PROBLEM STATEMENT: Reproduce word for word the line holding "Nemanja Cubrilo si" and all lines after it in the data, through the end, leaving out pictures.

INFORMATION PROVIDED:
···
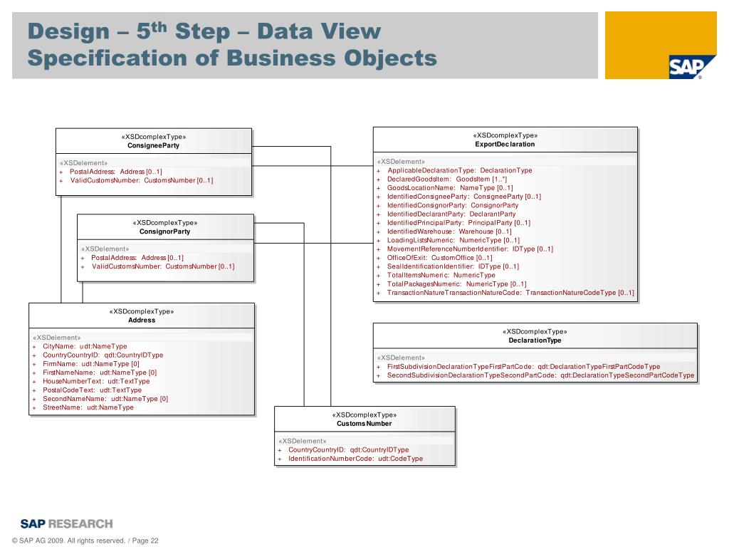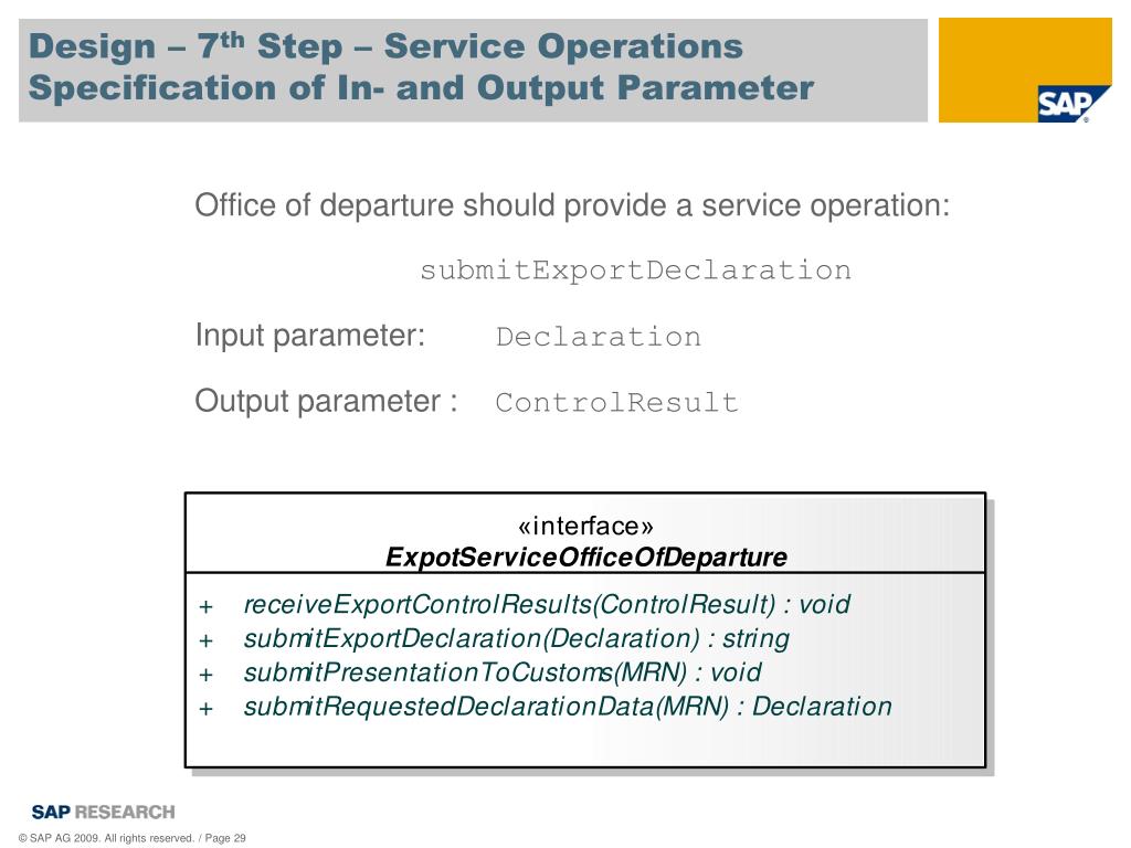 Design – 7th Step – Service OperationsSpecification of In- and Output Parameter • Office of departure should provide a service operation: • submitExportDeclaration • Input parameter: Declaration • Output parameter : ControlResult
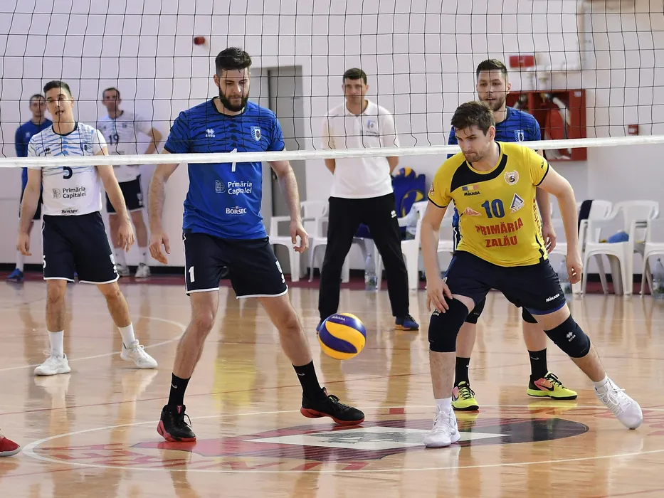 Nemanja Cubrilo si Cristian Bartha in meciul de volei masculin dintre CSM Bucuresti si Volei Municipal Zalau, desfasurat in Sala Sporturilor Unirea din Dobroesti, miercuri 1 mai 2019. © FOTO:Razvan Pasarica/SPORT PICTURES
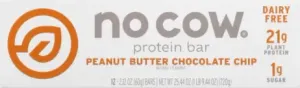 No Cow Protein Bar, Peanut Butter Chocolate Chip, 20g Plant-Based Protein, Keto Friendly, 12ct
···
TASK ANSWER:
 Nemanja Cubrilo si Cristian Bartha in meciul de volei masculin dintre CSM Bucuresti si Volei Municipal Zalau, desfasurat in Sala Sporturilor Unirea din Dobroesti, miercuri 1 mai 2019. © FOTO:Razvan Pasarica/SPORT PICTURES
 No Cow Protein Bar, Peanut Butter Chocolate Chip, 20g Plant-Based Protein, Keto Friendly, 12ct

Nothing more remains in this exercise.